A todos los que alguna vez consideré una historia en mi vida, les escribí una carta. Al primero fueron cuadernos y cuadernos de escritos diarios con uno solo destinatario. Típico de amores platónicos. De cuándo lo veía pasar en el colegio, de cuándo lo miraba desde la ventana, de cuándo escuchaba su voz ronca desde lejos, de las conversaciones en Messenger, de mi fallida declaración en la entrada, de los imaginarios coqueteos virtuales y presentes, del adiós y de cómo la vida volvería a juntarnos a mí y a él después de muchos años.

Al segundo le escribí sagradamente para los cumpleaños, los aniversarios, las navidades que pasamos juntos y un año después del término de nuestra relación. Desde ahí, aunque a veces hubo palabras por decir, no escribí más. Hasta ti, creo (¿es esto una carta?). Al cual por primera vez, después de dos años desde que te conocí y me gustaste, te escribo. Y no es que no fueras importante, pero es que si te escribía, te hacía real y te ponía en el mismo cajón que los otros. Y es que esta es mi manera personal (¿mi registro?) de aceptar que tú también fuiste uno de mis amores.
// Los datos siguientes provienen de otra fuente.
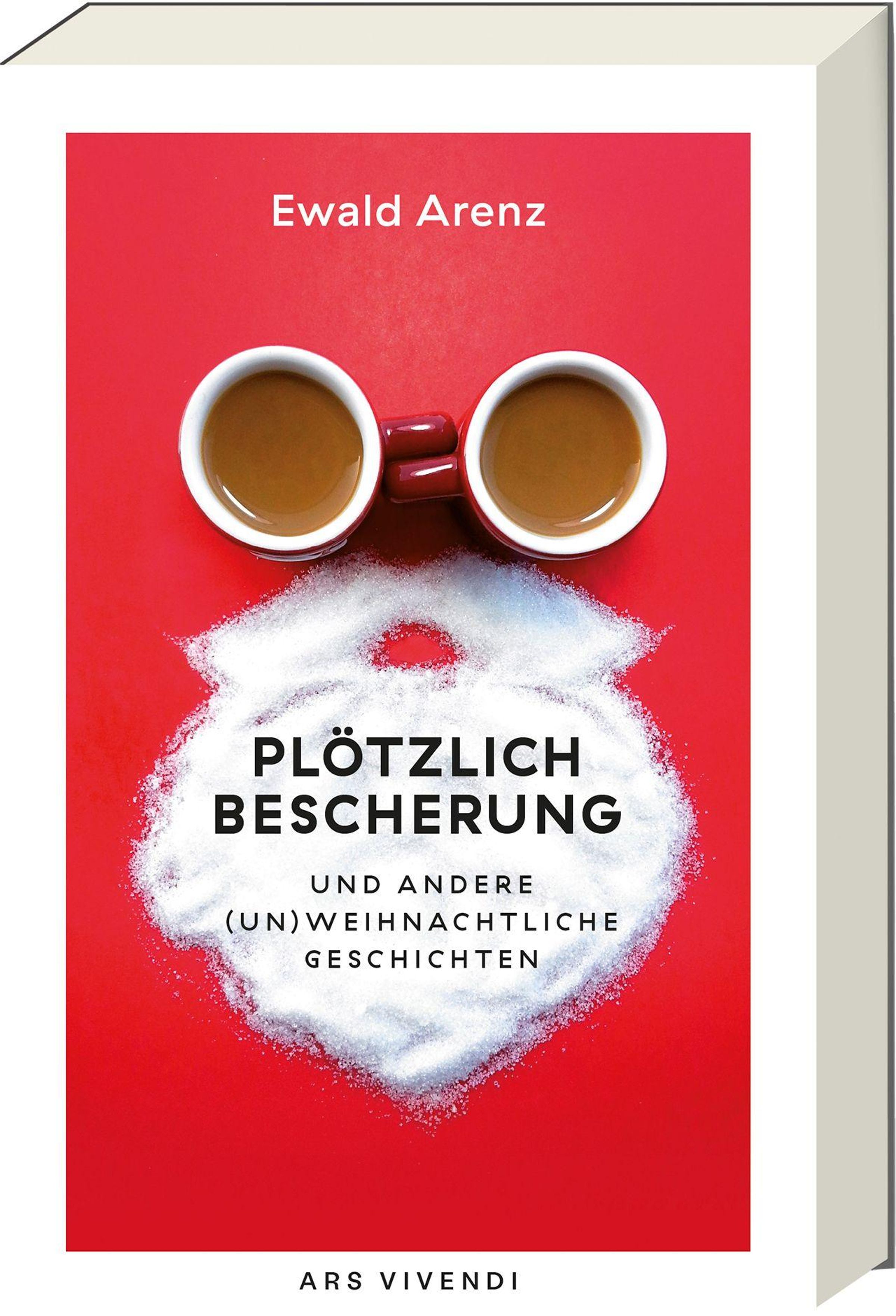 Auf rotem Hintergrund: "Ewald Arenz - Plötzlich Bescherung und andere (un)weihnachtliche Geschichten". Unten: "ARS VIVENDI". Zwei Kaffeetassen und Zucker formen ein Gesicht., Buch

Y no quería. ¿Sabes por qué? porque me rehusaba a creer que lo que vivimos fue amor.

[bctt tweet=”Contigo me convertí en esas que miraba durante horas las aplicaciones del celular esperando respuesta”]

Contigo por primera vez sentí dolor físico, falta de hambre (y puta que soy buena pa’ comer), ausencia de control sobre mi cuerpo y mis acciones. Por primera vez rogué, pedí y exigí a otro un poco más. Lloré por más de un año y un día me despedí para siempre (ahí descubrí que si digo no más, no más. Y cumplo). El año que estuvimos juntos dormía sólo tres horas diarias; el año que te dejé lo único que hacía era dormir para no pensar. Contigo me convertí en esas que miraba durante horas las aplicaciones del celular esperando respuesta. En esa que podría haberte leído para siempre. Haberte hecho cariño para siempre: ahí en esos muros hostiles que a veces fueron tan hermosos, tan cómplices de mis huidas tristes y de tus frustraciones. Contigo por primera vez sentí que la pena no se iba a acabar y necesité creer que todo iba a estar mejor. Contigo necesité escuchar que no se puede querer tan poco a alguien y al mismo tiempo ser tan cobarde con los afectos.

Y ahora, después de ese párrafo, pienso que quizás sí (sí, se puede ser tan cobarde). Y pienso que esto que escribo deja de tener destinatario. Porque no. Nunca he sido buena con las palabras.

Ustedes saben.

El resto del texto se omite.